The death toll from the strongest typhoon to hit the Philippines this year surpassed 200 on Monday, as desperate survivors pleaded for urgent supplies of drinking water and food.
The Philippine Red Cross reported “complete carnage” in coastal areas after Typhoon Rai left homes, hospitals and schools “ripped to shreds”.
The storm tore off roofs, uprooted trees, toppled concrete power poles, smashed wooden houses to pieces, wiped out crops and flooded villages — sparking comparisons with Super Typhoon Haiyan in 2013.
At least 208 people were killed and 52 were missing after the latest disaster to hit the archipelago, with hundreds more injured after the storm ravaged southern and central regions, the national police said.
More than 300,000 people fled their homes and beachfront resorts as Rai slammed into the country on Thursday as a super typhoon.
“Our situation is so desperate,” said Ferry Asuncion, a street vendor in the hard-hit seaside city of Surigao, which was devastated by the storm.
They urgently needed “drinking water and food”, he said.
One of the hardest-hit islands was Bohol — known for its beaches, rolling “Chocolate Hills”, and tiny tarsier primates — where at least 74 people have died, provincial Governor Arthur Yap said on his official Facebook page.
– Victims plea S.O.S –
There has also been widespread destruction on Siargao, Dinagat and Mindanao islands, which bore the brunt of the storm when it slammed into the country packing wind speeds of 195 kilometres (120 miles) per hour.

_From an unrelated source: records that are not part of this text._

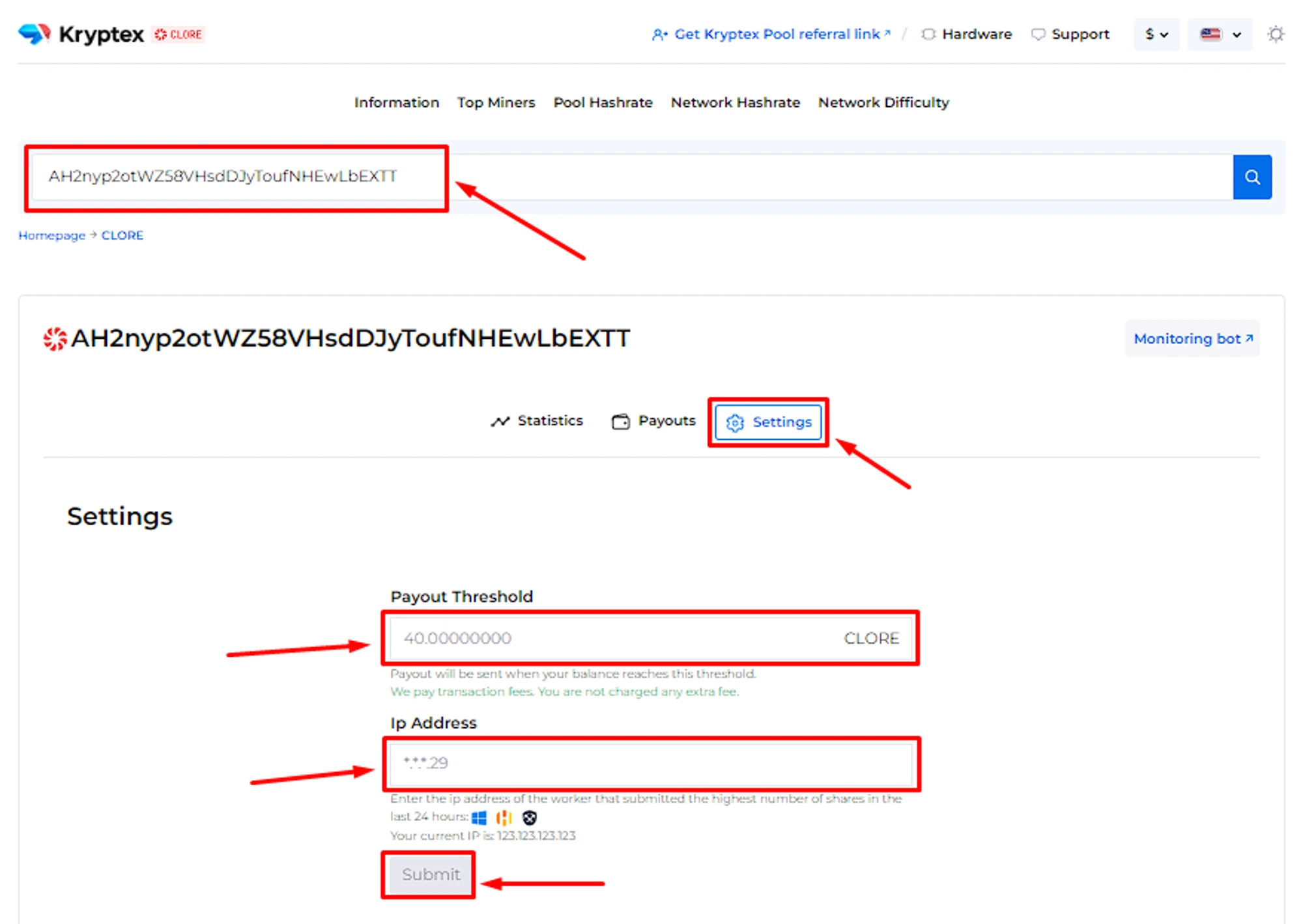 Set the desired “Payment Threshold”. Minimum and maximum payment threshold mentioned at the pool home page. There is no payout fee — Kryptex pays it for you 🖤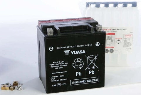 Product Name: BATTERY YIX30L-BS MAINTENANCE FREEProduct Type: AGM Maintenance Free BatteryBrand: YUASAMFG Part Number: YUAM6230XFeatures: Maintenance Free – no need to add water, but periodic charging required when not in use Absorbed Glass Mat (AGM) Separators – an advanced battery technology that eliminates the need to ever add water Advanced lead-calcium technology...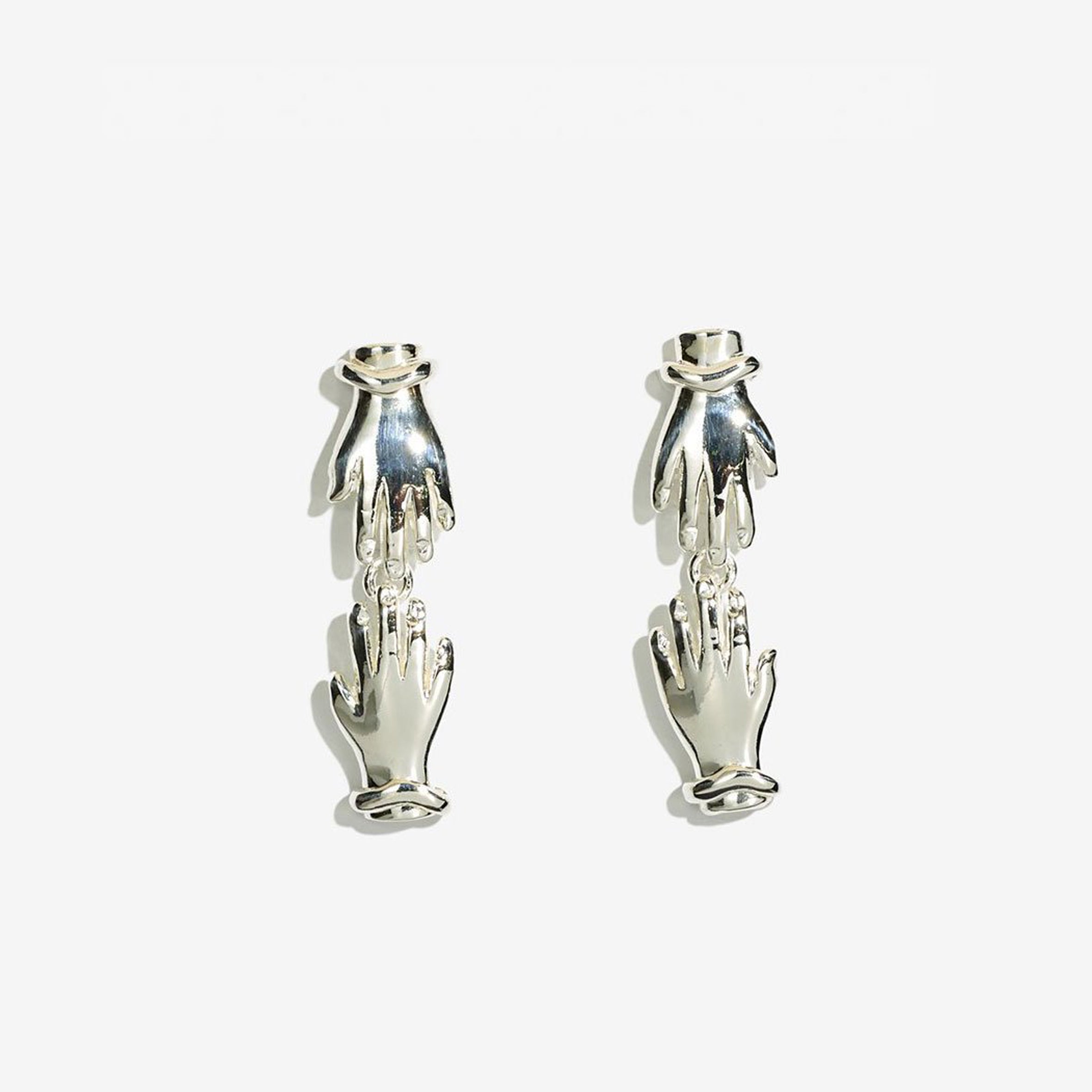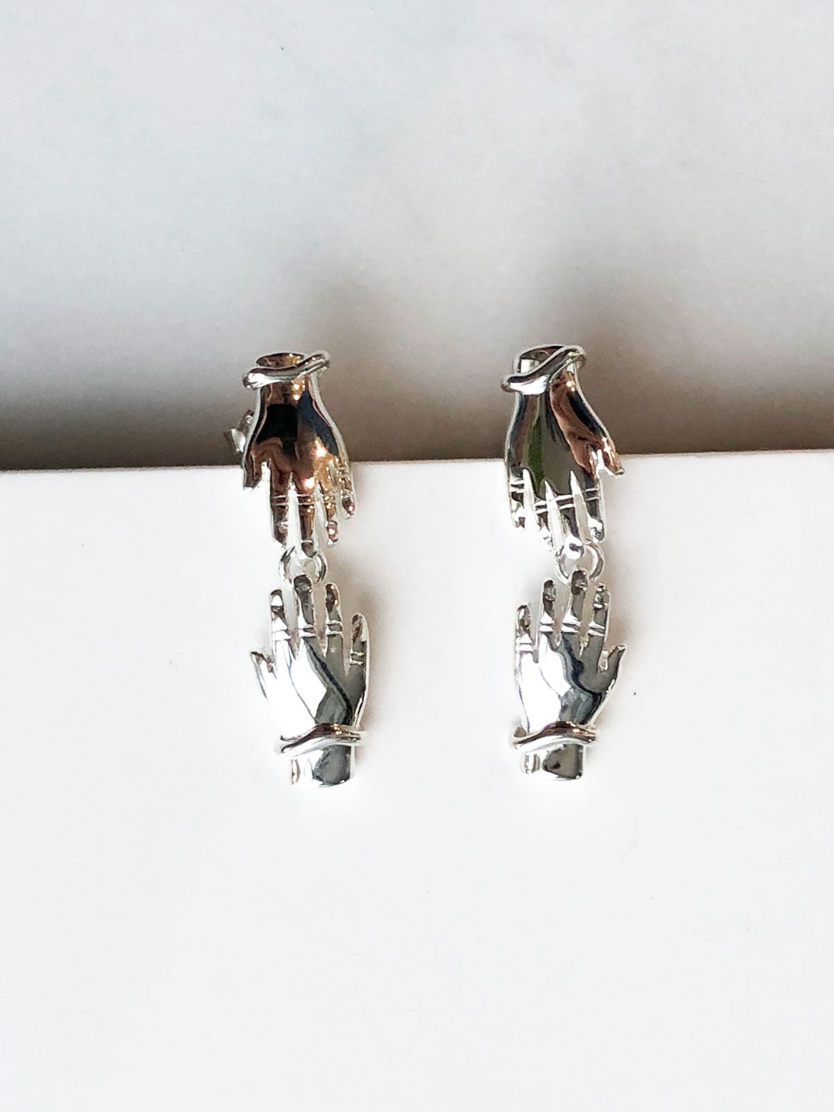 The Palm earring are handmade and feature two hand pendants with fingers touching.

At least 10 people died on the Dinagat Islands, provincial information officer Jeffrey Crisostomo told AFP on Sunday.
S.O.S was painted on a road in the popular tourist town of General Luna on Siargao island, where surfers and holidaymakers had flocked ahead of Christmas, as people struggled to find water and food.
Swathes of the affected areas have no communications, hampering efforts by disaster agencies to assess the full extent of the storm’s damage.
Electricity also has been knocked out, affecting water-refilling stations and ATMs.
Some victims expressed frustration at the government’s response to the disaster.
“No one showed up — I don’t know where the politicians and (election) candidates are,” said a visibly angry Levi Lisondra, an elderly resident in Surigao City, on the northern tip of Mindanao.
“We paid big taxes when we were working and now they can’t help us.”
President Rodrigo Duterte visited some of the hardest-hit areas on Saturday and pledged to release two billion pesos ($40 million) to assist recovery efforts.
Thousands of military, police, coast guard and fire personnel have been deployed to hard-hit areas.
Coast guard and naval vessels, as well as aircraft carrying food, water and medical supplies, have been dispatched, while heavy machinery — like backhoes and front-end loaders — have been sent to help clear roads blocked by fallen power poles and trees.
Rai hit the Philippines late in the typhoon season — most cyclones typically develop between July and October.
Scientists have long warned that typhoons are becoming more powerful and strengthening more rapidly as the world becomes warmer because of human-driven climate change.
The Philippines — ranked among the globe’s most vulnerable nations to the impacts of climate change — is hit by an average of 20 storms and typhoons every year, which typically wipe out harvests, homes and infrastructure in already impoverished areas.
Typhoon Haiyan, called Yolanda in the Philippines, was at the time the deadliest storm ever to have made landfall and left more than 7,300 people dead or missing.